A dog figurine, sitting next to a bell.
posted by flourpot at 4:37 PM on September 28, 2015 [2 favorites]


Best answer: Prints of the stylized cat drawings Louis Wain created during his stays at mental health institutions.
posted by ejs at 4:57 PM on September 28, 2015 [1 favorite]


Popular Science would have little illustrated vignettes about various topics, like this one from 1931 concerning a simple test gathering data about a person's aptitude for musical rhythm. If you could find a bunch like that and print them out enlarged and matted and framed, you could even have rotating exhibits where people might stop by as they pass to see what's new.
posted by XMLicious at 5:59 PM on September 28, 2015 [1 favorite]


A box of tissues.
posted by SweetTeaAndABiscuit at 8:26 PM on September 28, 2015 [2 favorites]


a Red Book
posted by j_curiouser at 8:51 PM on September 28, 2015


Calipers, the size of a head
posted by Fiasco da Gama at 9:07 PM on September 28, 2015


My mom is a retired AP psychology teacher, so she has quite the collection of psychology tchotchkes. She has the action figures, the Freudian Slippers, The Great Psychologists Finger Puppets, and Inflatable Scream, just to name a few.

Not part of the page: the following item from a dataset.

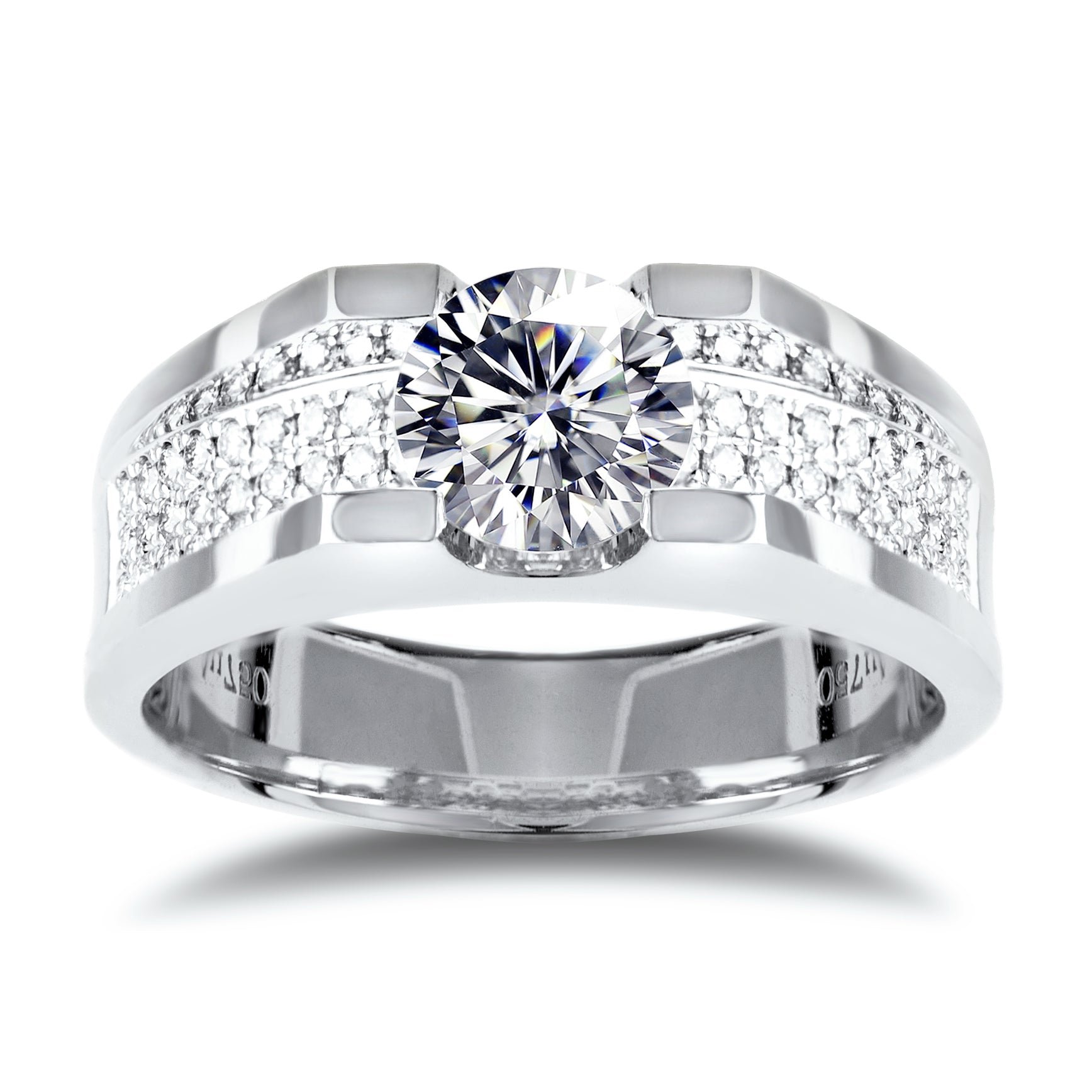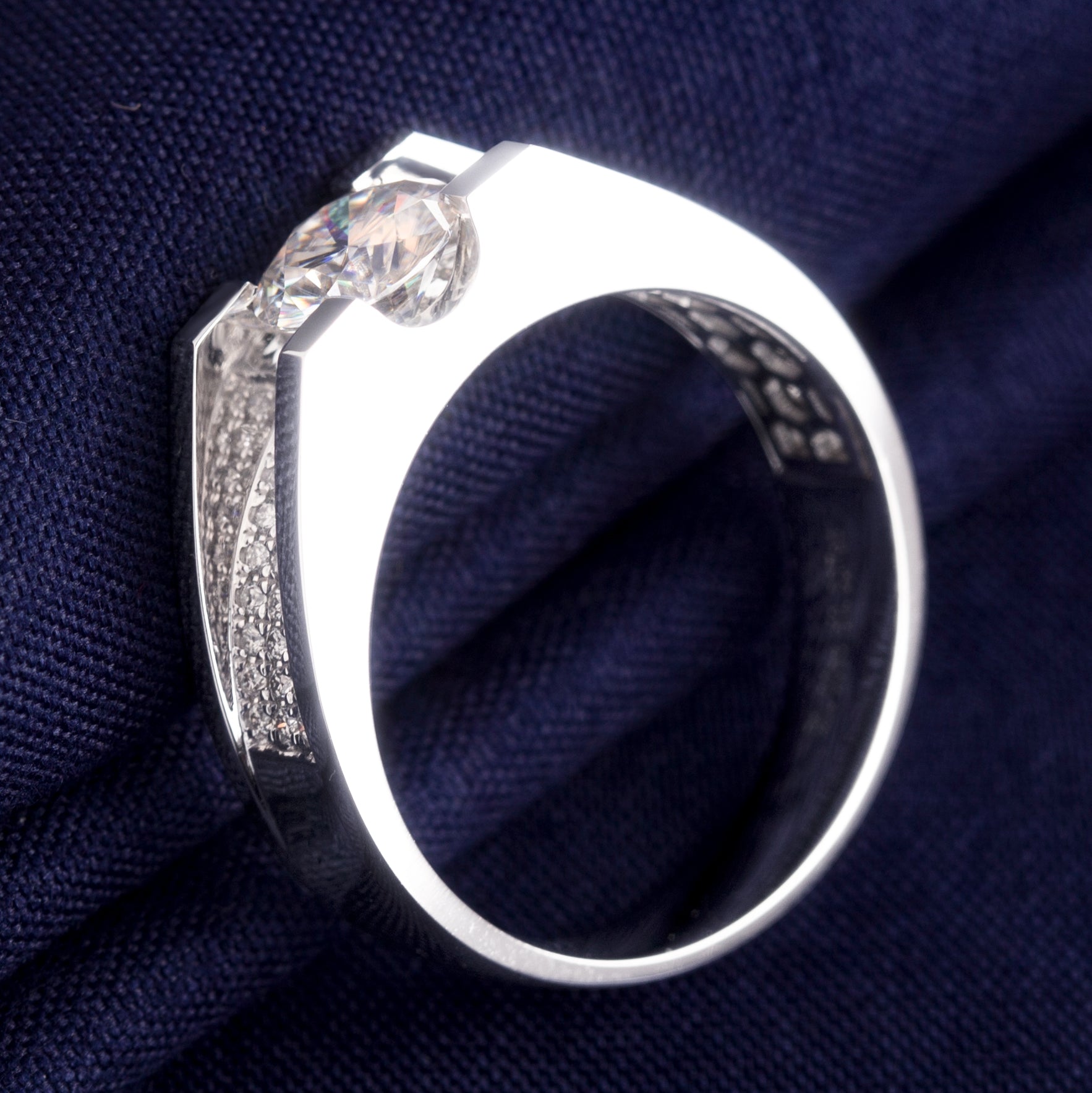 Harley-057: Axis of Light – Anillo con bisel pavé de diamantes cultivados en laboratorio en oro blanco de 18 quilates

The site I linked to has lots of cool psychology things. : )
posted by SisterHavana at 9:17 PM on September 28, 2015 [1 favorite]


A homunculus!
posted by hydrophonic at 9:37 PM on September 28, 2015


A bell (Pavlov).
A mirror (Lacan).
A gold pocket watch (cheesy images of hypnotherapy).
posted by pheide at 10:01 PM on September 28, 2015


Response by poster: Thanks so much for these -- so many great ideas! We're mainly a teaching institution, so none of our own books, but we do have plenty of opportunities for students to consider ideas. Now I want to try to build wire and cloth mothers...

I marked a few as best, but really appreciate them all.